Leave the pictures out and quote only the lines from the one with "(1) سليمان بن" down to the end of the listing below.

Dataset excerpt:
——

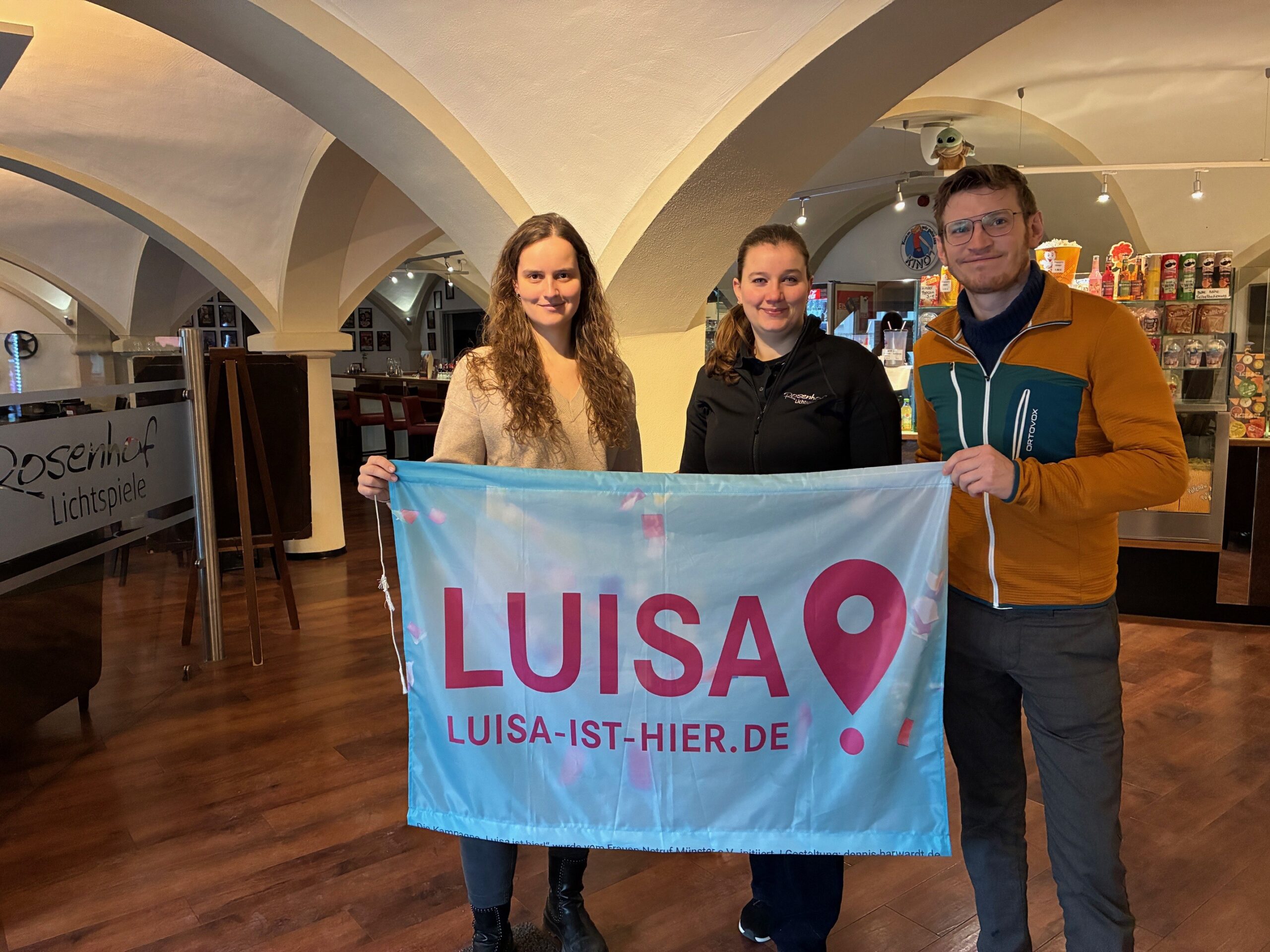 Zum Bild: Katharina von Schumann von der Kommunalen Jugendarbeit am Landratsamt Freising (v.l.) freut sich, dass die Rosenhof-Lichtspiele, hier mit Geschäftsführerin Verena Dollinger und dem technischen Betriebsleiter Kilian Stackelberg, die Kampagne „LUISA IST HIER!“ einführen.
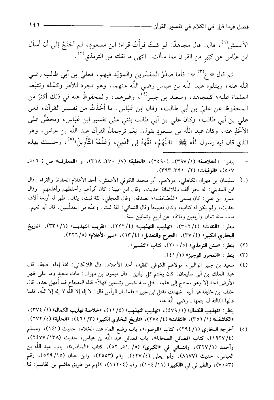 (1) سليمان بن مهران الكاهلي، مولاهم، أبو محمد الكوفي الأعمش، أحد الأعلام الحفاظ والقراء. قال ابن المديني: له نحو ألف وثلاثمائة حديث. وقال ابن عيينة: كان أقرأهم وأحفظهم وأعلمهم. وقال عمرو بن علي: كان يسمى «المصحف» لصدقه. وقال العجلي، ثقة ثبت، يقال: ظهر له أربعة آلاف حديث، ولم يكن له كتاب، وكان فصيحا وقال النسائي: ثقة ثبت. وعدّه من المدلّسين. قال أبو نعيم:
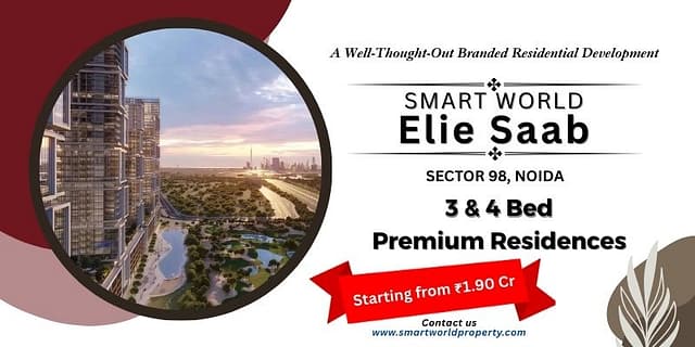 Don’t miss this pre-launch opportunity at Smart World Elie Saab, Sector 98. With branded residences and service apartments, the project caters to both end users and investors. Apartment sizes range from 750 sq. ft. to 4000 sq. ft., offering multiple options. Pre-launch pricing, an EOI of ₹25 lakhs, and structured payment plans make entry easier. Designed with global standards and hospitality services, this project promises a refined living experience in a fast-growing Noida location.
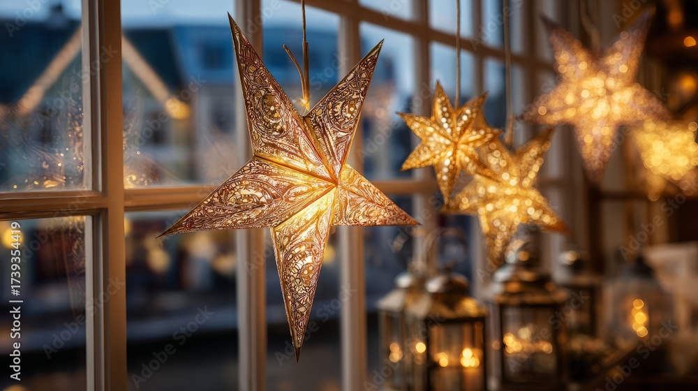 cozy swedish christmas window decoration with golden star pendant lights in a carton display case, showcasing warm holiday glow and scandinavian festive charm for magical winter interior design inspir #1739354419

——

Solution for this task:
 (1) سليمان بن مهران الكاهلي، مولاهم، أبو محمد الكوفي الأعمش، أحد الأعلام الحفاظ والقراء. قال ابن المديني: له نحو ألف وثلاثمائة حديث. وقال ابن عيينة: كان أقرأهم وأحفظهم وأعلمهم. وقال عمرو بن علي: كان يسمى «المصحف» لصدقه. وقال العجلي، ثقة ثبت، يقال: ظهر له أربعة آلاف حديث، ولم يكن له كتاب، وكان فصيحا وقال النسائي: ثقة ثبت. وعدّه من المدلّسين. قال أبو نعيم:
 Don’t miss this pre-launch opportunity at Smart World Elie Saab, Sector 98. With branded residences and service apartments, the project caters to both end users and investors. Apartment sizes range from 750 sq. ft. to 4000 sq. ft., offering multiple options. Pre-launch pricing, an EOI of ₹25 lakhs, and structured payment plans make entry easier. Designed with global standards and hospitality services, this project promises a refined living experience in a fast-growing Noida location.
 cozy swedish christmas window decoration with golden star pendant lights in a carton display case, showcasing warm holiday glow and scandinavian festive charm for magical winter interior design inspir #1739354419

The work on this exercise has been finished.